#### [Directions]
Every entry is to be reproduced word for word, but the images are not.

---------- Records for the exercise

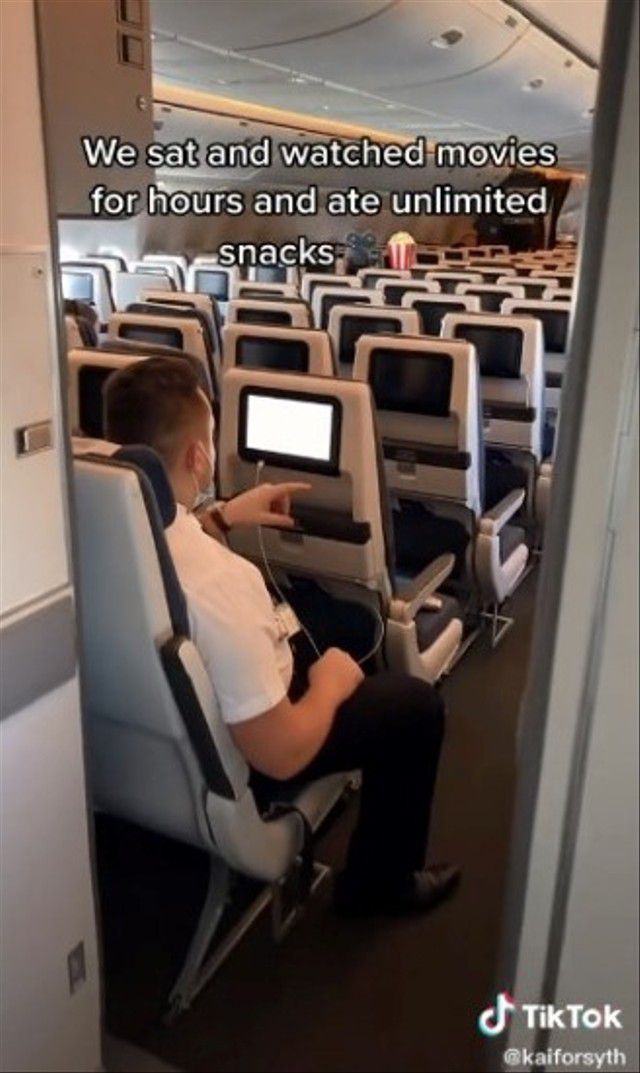 Foto pramugara yang santuy nonton film karena penumpang cuma satu (kumparan.com)
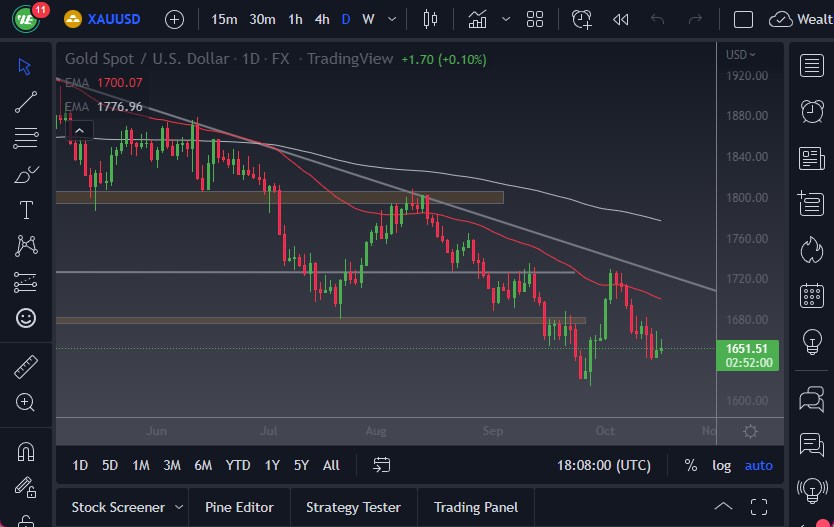 En este momento, parece que el mercado del Oro tiene más probabilidades de romper a la baja (breakdown) a través de la parte inferior del último par de velas, que está en aproximadamente $1645. Si pasamos por ahí, se abre un intento de volver a los mínimos recientes, y eventualmente hasta el nivel de $1600 donde sospecho que habrá una cierta cantidad de psicología adjunta, tal vez ofreciendo otro rebote. Comprueba la cotización del Oro hoy.
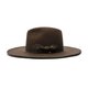 - 品牌经典型号FRONT-H 为基础 采用中折压痕欧式帽冠线条 11 厘米长檐设计 传统滚边处理强化轮廓 厚实硬挺西部规格羊毛毡面料 宽版丝带烫金印制品牌字样 黑、橄榄绿两款配色 帽围:38(59cm) 附 1900 年代中央车票主题纸标
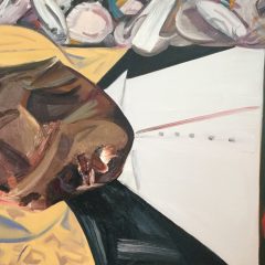 Dana Schutz’s Man Eating his Chest comes right out of the Medieval chamber of horrors. But the painting couldn’t have been more contemporary in its approach–falling into abstraction when you least expect it. Her works have the heaviness of Alice Neel’s grounded figures and the brutal brush strokes and anti-militarist nature of Georg Baselitz. Goya’s Saturn Eating his Children is also pertinent. This is a picture of the world eating itself. Modest in size the piece packs a wallop.
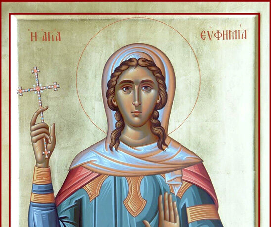 Родум од Халкидон. Татко ѝ беше сенаторот Филофрон, а мајка – Теодорисија, обајцата благочестиви христијани. Ефимија беше прекрасна девица и по тело и по душа. Кога антипатот Приск устрои празник за жртвопринесување на Ареј во Халкидон, тогаш четириесет и деветмина христијани за да го одбегнат тоа скверно жртвопринесување се сокрија. Меѓутоа, ги пронајдоа и ги изведоа пред Приск. Меѓу нив беше и Ефимија. Кога надмениот Приск ги запраша зошто не ѝ се покоруваат на царската заповед, тие одговорија: „И на царската и на твојата заповед треба да ѝ се покориме, ако не Му се противи на небесниот Бог; ако пак се противи на небесниот Бог, не само што не треба да ѝ се покоруваме туку треба и да ѝ се противиме.“ Тогаш Приск ги стави на разни маки, и тоа деветнаесет дена по ред, секојдневно. Дваесеттиот ден ја одвои од останатите Ефимија и почна да ѝ ласка за нејзината убавина за да ја придобие за идолопоклонството. А, бидејќи сите ласкања пропаднаа залудно, заповеда да ја мачат девицата. Ја мачеа прво на тркало, но ангел Божји ѝ се јави и го искрши тркалото. Потоа, ја фрлија во огнена печка, но со Божја сила беше сочувана. Кога го видоа тоа, двајцата војници Виктор и Состен поверуваа во Христа, заради што беа фрлени пред ѕверовите и така славно го завршија својот живот. Потоа, Ефимија беше фрлена во ров исполнет со вода и со секаква отровна нечистотија, но таа ја прекрсти водата кога влезе во ровот и остана неповредена. Најпосле, ја изведоа пред дивите ѕверови, таа со благодарност Му се помоли на Бога и го предаде својот дух. Нејзините родители чесно го погребаа телото. Пострада во 304 година и се пресели во вечната радост. Се споменува и на 24 јули.
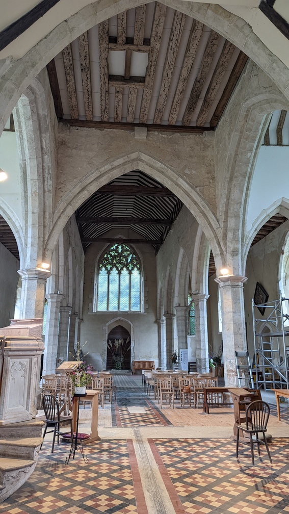Then retracing our steps through Perry Court Farm and onto Boughton Lees. We popped into Boughton Aluph church, to be given (quite a long) history of the place. And another stamp.
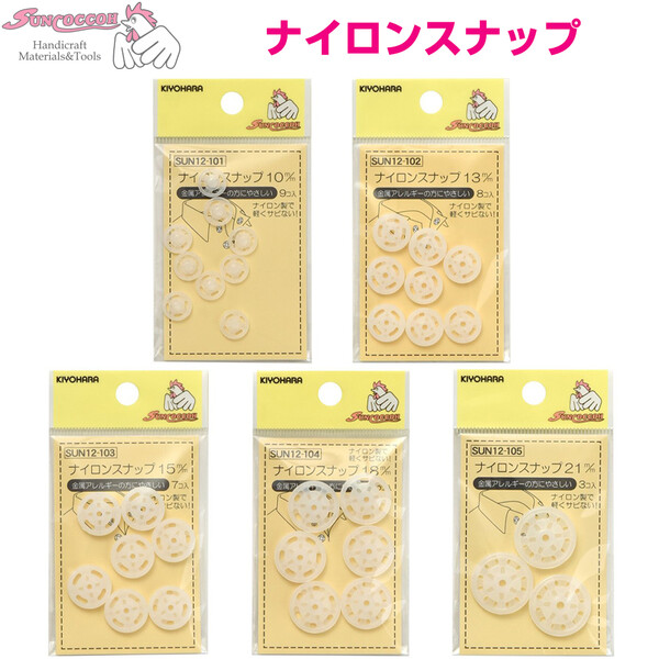 スナップボタン ナイロン製 10mm 13mm 15mm 18mm 21mm 清原 [02] 〔メール便対象〕
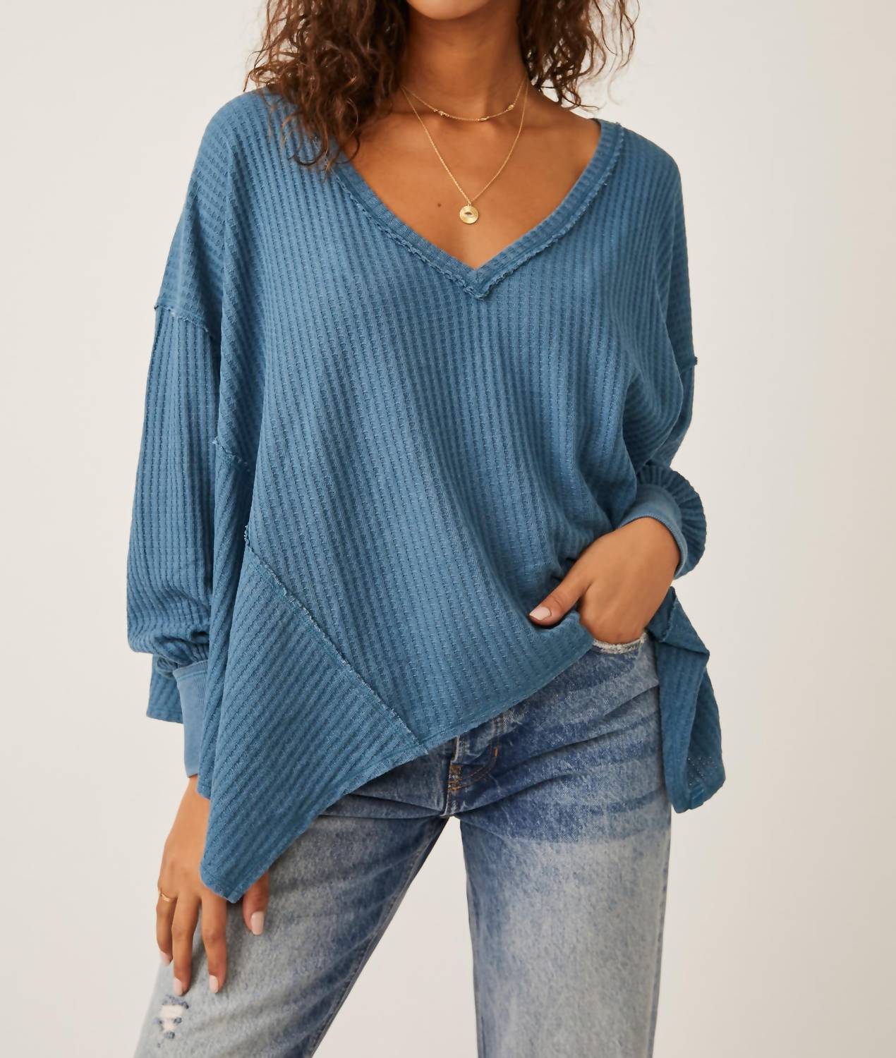 57% algodão, 38% poliéster, 5% elastano. Caimento relaxado e drapeado. Decote em V, ombros caídos, costuras aparentes, malha waffle clássica. Comprimento: 68 cm. Comprimento da manga: 50 cm. Importado.
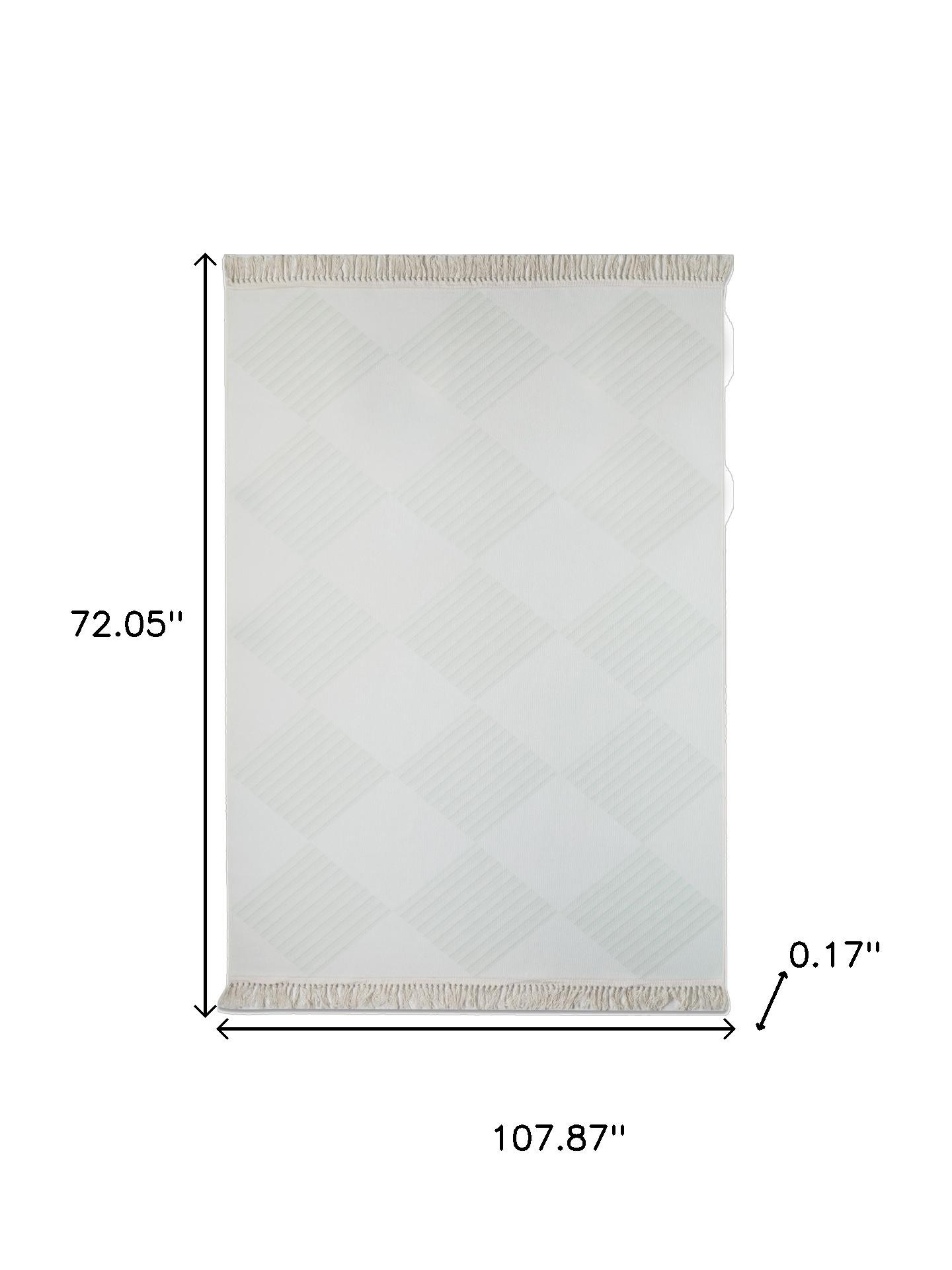 Set an inviting tone in your space with this 6-foot x 9-foot green and ivory geometric washable area rug. Ideal for spaces with kids and pets, this rug is stain resistant to help repel dirt and spilled liquids. Rugs are a great way to showcase your style, hide imperfections, warm your home and reduce noise. This larger sized, casual styled rug is ready to create a focal point or statement piece in your room. 72.05-inch h x 107.87-inch w x 0.17-inch d.
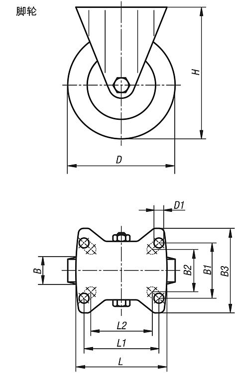压制壳体。带双球轴承(转动环中)的转向轮壳体。带滑动轴承的车轮。

--------------------

#### [Task response]
 Foto pramugara yang santuy nonton film karena penumpang cuma satu (kumparan.com)
 En este momento, parece que el mercado del Oro tiene más probabilidades de romper a la baja (breakdown) a través de la parte inferior del último par de velas, que está en aproximadamente $1645. Si pasamos por ahí, se abre un intento de volver a los mínimos recientes, y eventualmente hasta el nivel de $1600 donde sospecho que habrá una cierta cantidad de psicología adjunta, tal vez ofreciendo otro rebote. Comprueba la cotización del Oro hoy.
 - 品牌经典型号FRONT-H 为基础 采用中折压痕欧式帽冠线条 11 厘米长檐设计 传统滚边处理强化轮廓 厚实硬挺西部规格羊毛毡面料 宽版丝带烫金印制品牌字样 黑、橄榄绿两款配色 帽围:38(59cm) 附 1900 年代中央车票主题纸标
 Dana Schutz’s Man Eating his Chest comes right out of the Medieval chamber of horrors. But the painting couldn’t have been more contemporary in its approach–falling into abstraction when you least expect it. Her works have the heaviness of Alice Neel’s grounded figures and the brutal brush strokes and anti-militarist nature of Georg Baselitz. Goya’s Saturn Eating his Children is also pertinent. This is a picture of the world eating itself. Modest in size the piece packs a wallop.
 Родум од Халкидон. Татко ѝ беше сенаторот Филофрон, а мајка – Теодорисија, обајцата благочестиви христијани. Ефимија беше прекрасна девица и по тело и по душа. Кога антипатот Приск устрои празник за жртвопринесување на Ареј во Халкидон, тогаш четириесет и деветмина христијани за да го одбегнат тоа скверно жртвопринесување се сокрија. Меѓутоа, ги пронајдоа и ги изведоа пред Приск. Меѓу нив беше и Ефимија. Кога надмениот Приск ги запраша зошто не ѝ се покоруваат на царската заповед, тие одговорија: „И на царската и на твојата заповед треба да ѝ се покориме, ако не Му се противи на небесниот Бог; ако пак се противи на небесниот Бог, не само што не треба да ѝ се покоруваме туку треба и да ѝ се противиме.“ Тогаш Приск ги стави на разни маки, и тоа деветнаесет дена по ред, секојдневно. Дваесеттиот ден ја одвои од останатите Ефимија и почна да ѝ ласка за нејзината убавина за да ја придобие за идолопоклонството. А, бидејќи сите ласкања пропаднаа залудно, заповеда да ја мачат девицата. Ја мачеа прво на тркало, но ангел Божји ѝ се јави и го искрши тркалото. Потоа, ја фрлија во огнена печка, но со Божја сила беше сочувана. Кога го видоа тоа, двајцата војници Виктор и Состен поверуваа во Христа, заради што беа фрлени пред ѕверовите и така славно го завршија својот живот. Потоа, Ефимија беше фрлена во ров исполнет со вода и со секаква отровна нечистотија, но таа ја прекрсти водата кога влезе во ровот и остана неповредена. Најпосле, ја изведоа пред дивите ѕверови, таа со благодарност Му се помоли на Бога и го предаде својот дух. Нејзините родители чесно го погребаа телото. Пострада во 304 година и се пресели во вечната радост. Се споменува и на 24 јули.
Then retracing our steps through Perry Court Farm and onto Boughton Lees. We popped into Boughton Aluph church, to be given (quite a long) history of the place. And another stamp.
 スナップボタン ナイロン製 10mm 13mm 15mm 18mm 21mm 清原 [02] 〔メール便対象〕
 57% algodão, 38% poliéster, 5% elastano. Caimento relaxado e drapeado. Decote em V, ombros caídos, costuras aparentes, malha waffle clássica. Comprimento: 68 cm. Comprimento da manga: 50 cm. Importado.
 Set an inviting tone in your space with this 6-foot x 9-foot green and ivory geometric washable area rug. Ideal for spaces with kids and pets, this rug is stain resistant to help repel dirt and spilled liquids. Rugs are a great way to showcase your style, hide imperfections, warm your home and reduce noise. This larger sized, casual styled rug is ready to create a focal point or statement piece in your room. 72.05-inch h x 107.87-inch w x 0.17-inch d.
压制壳体。带双球轴承(转动环中)的转向轮壳体。带滑动轴承的车轮。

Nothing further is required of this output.